Top manufacturers always give a 30-year warranty on the floor and at least a 10-year warranty on the top coat.
Bamboo flooring is still pretty new on the US market, so there’s very little info on how it stands the test of time. That’s why the best way to determine the quality and durability of the plank isn’t its price, but the warranty that comes with it.
Bamboo Flooring Reviews
- Plyboo – Founded in 1989, Plyboo was the first US-based bamboo floor specialist company.
Since then, they’ve managed to stay the top bamboo floor manufacturer thanks to their innovative and sustainable approach to designing bamboo floor planks. They’ve developed a new type of soy-based adhesive that’s more safe and environmentally friendly than the traditional, formaldehyde-based one.
They cater to the more high-end, eco-conscious customer with planks averaging at $5.59 per square foot. However, their hefty price tag is justified by their very unique and diverse offer.
- Ambient bamboo floors – On the market since 2005, Ambient’s products manage to deliver best of both worlds – great quality at a reasonable price.
They’re one of the few companies whose planks come with a lifetime warranty, and they use an alternative plank adhesive that’s completely formaldehyde-free.
They offer a range of strand bamboo flooring that can be installed over underfloor radiant heating, and come in all kinds of different finishes. Most of their products are low to mid-range when it comes to price, with some types of planks going for as little as $2.89.
- Cali Bamboo – This San Diego company could be the greenest flooring manufacturer in the US. They take great pride in the sustainability of their manufacturing process, and vouch all of the materials they use are completely recyclable and renewable.
What sets them apart is the fact that they offer outdoor decking that’s 60% bamboo and 40% recycled HDPE plastic.
This company also manufactures the hardest bamboo flooring available on the US market, and it has a Janka score of more than 5000. All of their flooring also comes with an easy click system that significantly reduces the time it needs to be installed.
- US Floors – US Floors is another company that focuses on the sustainability of its products.

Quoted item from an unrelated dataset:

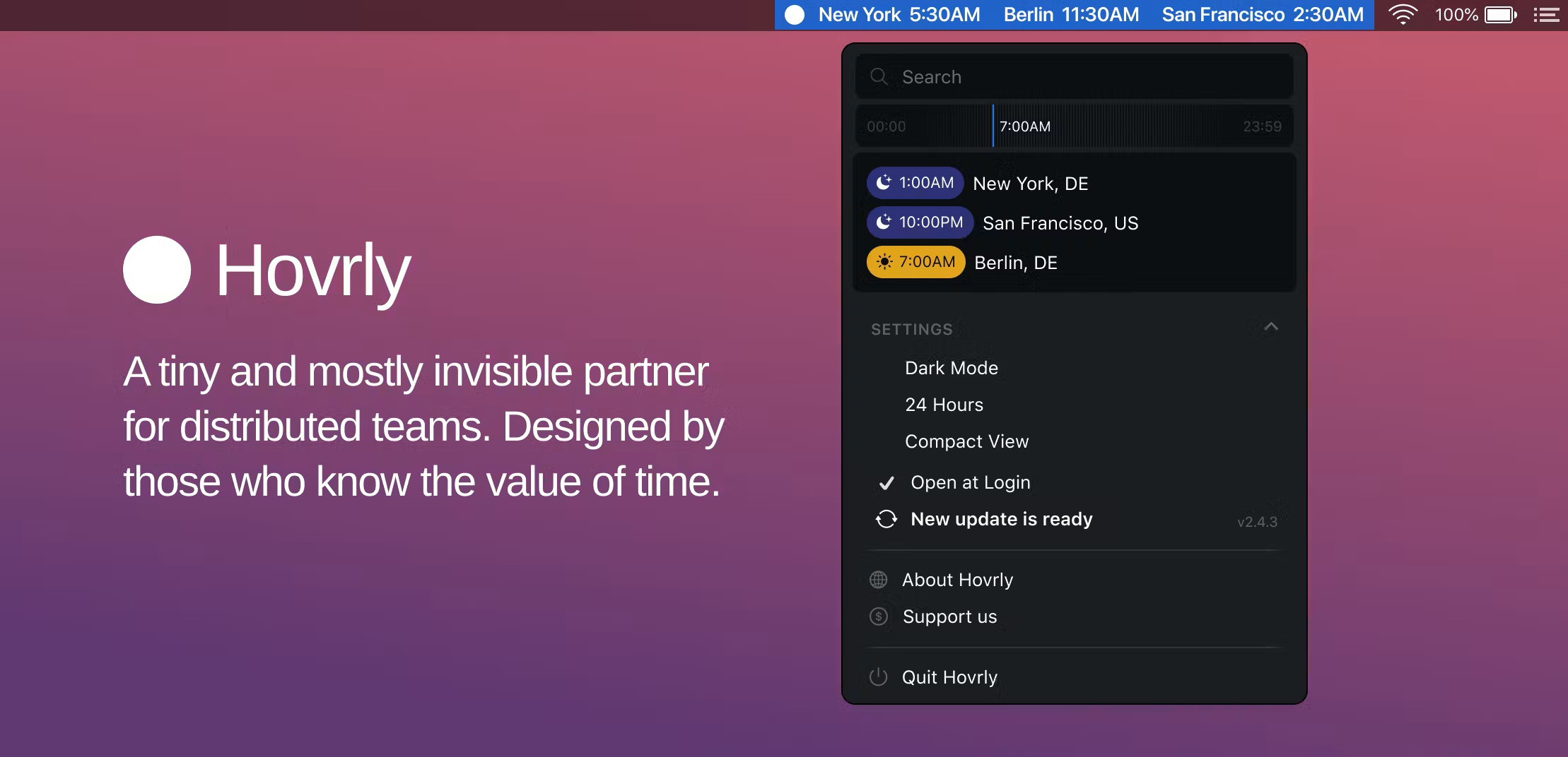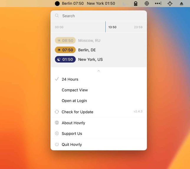 Hovrly for Mac je nenáročný pomocník, který v oblasti menu baru zobrazuje aktuální čas ve vybraných časových pásmech. Umožňuje vyhledat a přidat libovolný počet časových pásem. Jednotlivá pásma jsou pak v menu baru zobrazena vedle sebe, ale je možné použít i režim složeného zobrazení pro úsporu místa, kdy lze mezi jednotlivými časovými pásmy přepínat.

Their goal is to manufacture unique and sustainable floors at an affordable price and make them a popular flooring solution.
They have three main bamboo collections – Traditions, Expressions and Corboo, but they also offer cork and brushed hardwood flooring. The Corboo line is what sets them apart from other flooring manufacturers.

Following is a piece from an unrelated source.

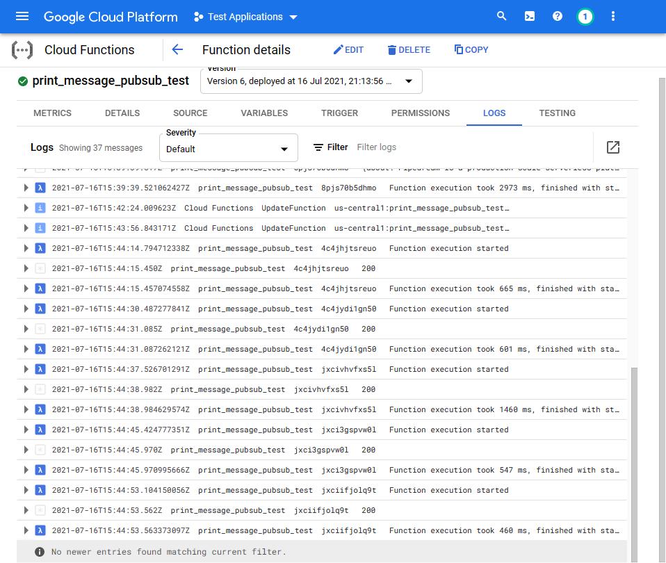Ну вот и все! Мы успешно настроили конвейер обмена сообщениями. Когда вы запустите скрипт «message_publish», данные опубликуются в Test_Topic, запустится облачная функция Google (print_message_pubsub_test), которая отправит данные на сайт Webhook.

The line features bamboo strands mixed with seams from natural cork, which makes for a very unique, rustic look available in six different colors.

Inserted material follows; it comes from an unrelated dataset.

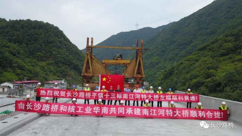8月 17 日 17 時(shí),隨著南江河特大橋左線最后一片箱梁架設(shè)完成,標(biāo)志著橋梁左線順利貫通。該項(xiàng)目由長(zhǎng)沙路橋和核華南建工共同承建,是全線橋梁中的長(zhǎng)度之最,左線共計(jì)81跨,橋梁長(zhǎng)度2.4公里,橋面單幅寬度12.65米,橋面到地面高度約30米,平鎮(zhèn)LJ-13合同段長(zhǎng)沙路橋承建樁基224根,預(yù)制箱梁440片。

- EcoFusion – Eco Fusion is a US-based flooring manufacturer that’s starting to use more and more recycled materials in their manufacturing process.
They’ve experimented combining hardwood recycled from old furniture and traditional bamboo strands, which resulted in the Color Fusion and Strand Woven – their most popular bamboo flooring ranges.
None of their planks use any urea formaldehyde-based adhesives, and all of them come with a 35-year warranty. Not bad at all, when you consider their products average at $6 per square foot.
- Teragren – Established in 1994, Teragren is another pioneer when it comes to bamboo flooring. They’re the first company that emphasized the importance of fair trade with Chinese bamboo farmers and factory workers.
They currently have eight ranges of bamboo flooring, with each one having different colorways and finishes. Every range has its accompanying molding.
We strongly recommend checking out Teragren’s website, as it’s incredibly helpful and user-friendly. You can find all kinds of easy to understand technical information about their product, as well as detailed installation guides.